-- EXERCISE DETAILS --
Find the line with "Narożnik LAREN nowoczesna" in the records below. Output exactly from there until after the line with "Pre ešte väčšiu", without pictures.

== DATA LISTING

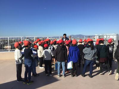 当日は、天気が良く、避難タワーの屋上からは遠くの景色も見ることができました。
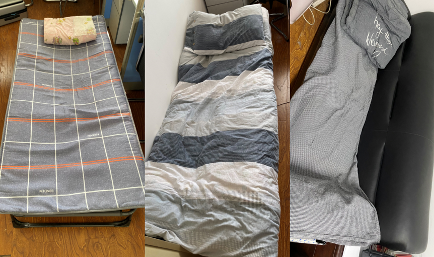 教师刘敬坡、王嘉浩、沙昉奕在办公室中临时搭的床铺
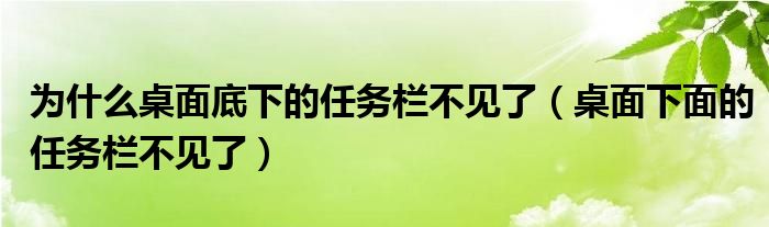 大家好,来宝来为大家解答以下问题,为什么桌面底下的任务栏不见了,桌面下面的任务栏不见了很多人还不知道,今天让我们一起来看看吧!
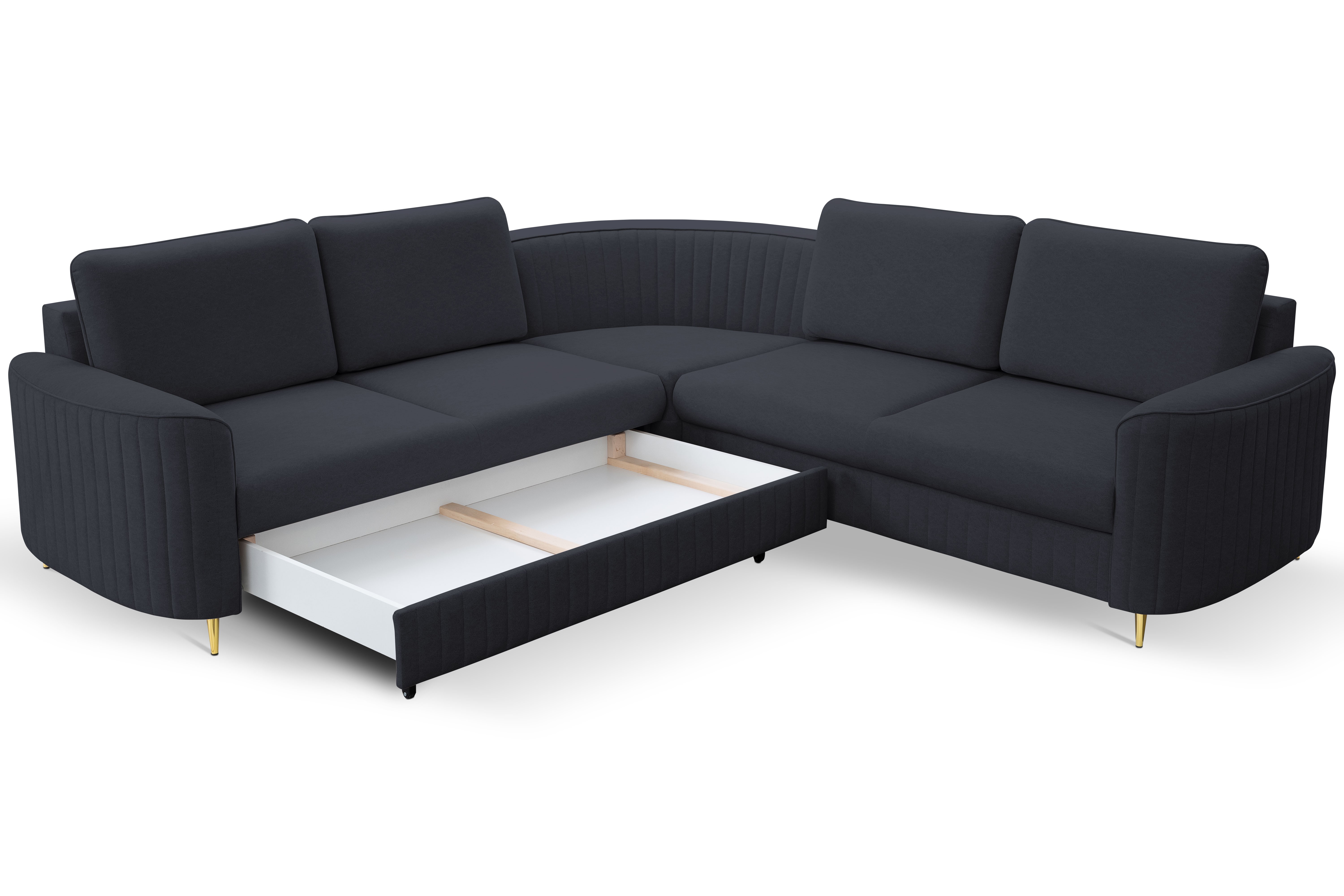 Narożnik LAREN nowoczesna sofa z funkcją spania pojemnik na pościel lewa strona CASTEL 79 251x251x85 cm
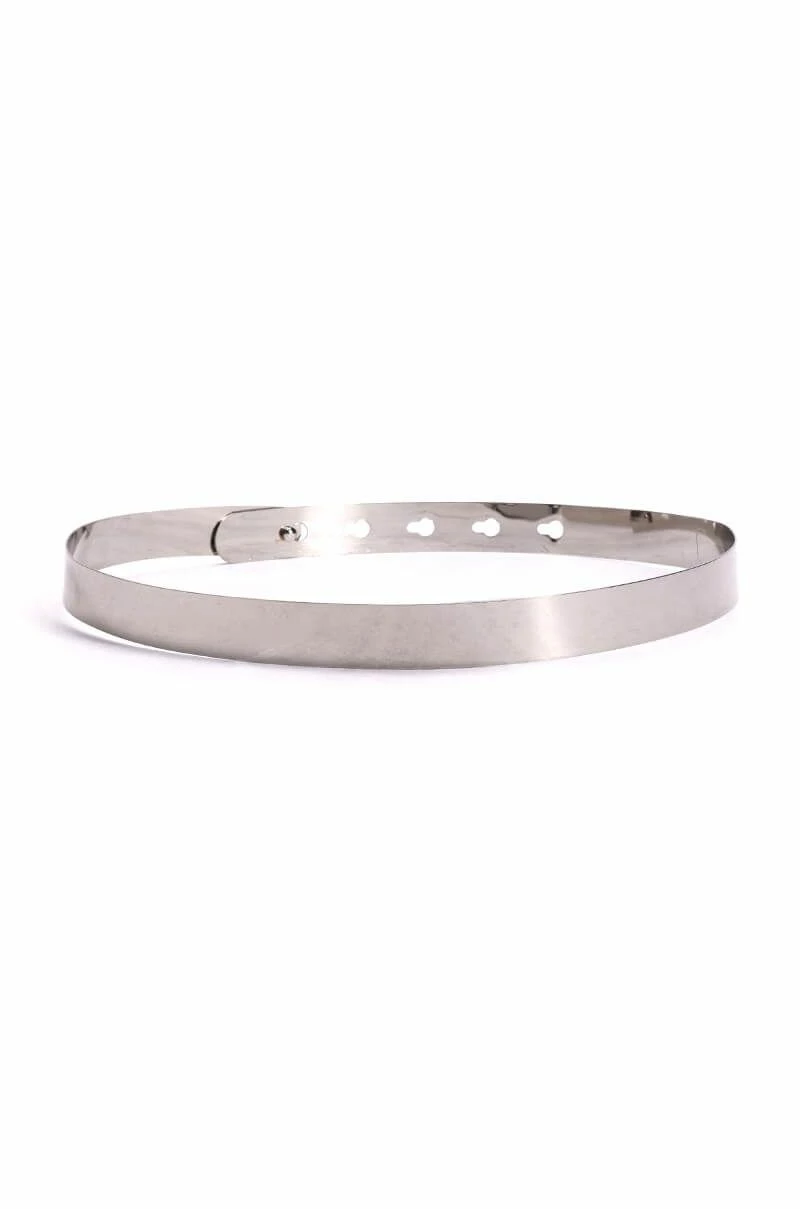 The AKIRA Label Long Night Metallic Waist Belt is made from a curved faux silver metallic base complete with an adjustable pop button closure. Sits at the waist for a form-flattering look.
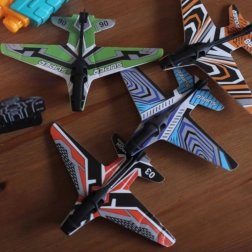 Pre ešte väčšiu zábavu možno odpáliť až tri lietadlá súčasne. Mäkké penové lietadlá letia stabilne a bezpečne, s dosahom až 8 metrov.
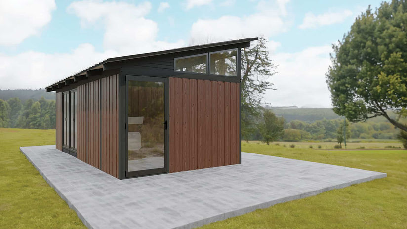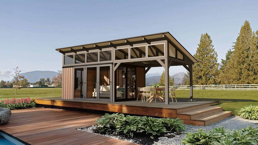 Step into seamless indoor-outdoor living with the Colorado 11×14. Its modern single-slope roof design invites natural light through large windows, complemented by large timber beams.
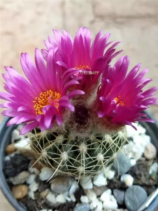 5、旺盛丸:植株灰绿色,球形或筒状,花大,暗粉或深红色;

====

-- THE ANSWER --
 Narożnik LAREN nowoczesna sofa z funkcją spania pojemnik na pościel lewa strona CASTEL 79 251x251x85 cm
 The AKIRA Label Long Night Metallic Waist Belt is made from a curved faux silver metallic base complete with an adjustable pop button closure. Sits at the waist for a form-flattering look.
 Pre ešte väčšiu zábavu možno odpáliť až tri lietadlá súčasne. Mäkké penové lietadlá letia stabilne a bezpečne, s dosahom až 8 metrov.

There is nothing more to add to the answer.